:: YOUR OBJECTIVE ::
Only the pictures are to be dropped; the rest of the data below is to be duplicated exactly.

:: SOURCE DATA ::
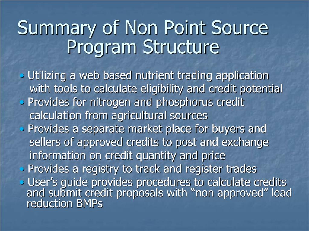 Summary of Non Point Source Program Structure • Utilizing a web based nutrient trading application with tools to calculate eligibility and credit potential • Provides for nitrogen and phosphorus credit calculation from agricultural sources • Provides a separate market place for buyers and sellers of approved credits to post and exchange information on credit quantity and price • Provides a registry to track and register trades • User’s guide provides procedures to calculate credits and submit credit proposals with “non approved” load reduction BMPs
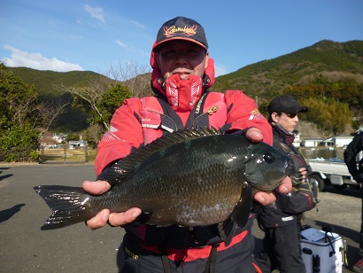 一日を通してグレの活性が低い中、数少ないチャンスを確実に捉え、良型グレを確保したクロの部優勝の羽田野さん
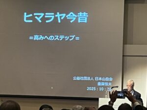 14時30分から始まった記念式典は、水谷透関西支部長の主催者あいさつに始まり、橋本しおり日本山岳会会長のあいさつ、そして大阪府山岳連盟の小畑和人会長による来賓祝辞と続いた。日本山岳会元副会長で日本ヒマラヤ登山の第一人者、重廣恒夫氏による記念講演「ヒマラヤ今昔」は、『処女峰アンナプルナ』で登山に目覚めた少年時代から始まった自身の登山人生をヒマラヤ登山史に重ね、日本山岳会120周年記念事業の「グレートヒマラヤトラバース・プロジェクト」で結ぶ重厚なストーリー。

:: RESPONSE BOX ::
 Summary of Non Point Source Program Structure • Utilizing a web based nutrient trading application with tools to calculate eligibility and credit potential • Provides for nitrogen and phosphorus credit calculation from agricultural sources • Provides a separate market place for buyers and sellers of approved credits to post and exchange information on credit quantity and price • Provides a registry to track and register trades • User’s guide provides procedures to calculate credits and submit credit proposals with “non approved” load reduction BMPs
 一日を通してグレの活性が低い中、数少ないチャンスを確実に捉え、良型グレを確保したクロの部優勝の羽田野さん
 14時30分から始まった記念式典は、水谷透関西支部長の主催者あいさつに始まり、橋本しおり日本山岳会会長のあいさつ、そして大阪府山岳連盟の小畑和人会長による来賓祝辞と続いた。日本山岳会元副会長で日本ヒマラヤ登山の第一人者、重廣恒夫氏による記念講演「ヒマラヤ今昔」は、『処女峰アンナプルナ』で登山に目覚めた少年時代から始まった自身の登山人生をヒマラヤ登山史に重ね、日本山岳会120周年記念事業の「グレートヒマラヤトラバース・プロジェクト」で結ぶ重厚なストーリー。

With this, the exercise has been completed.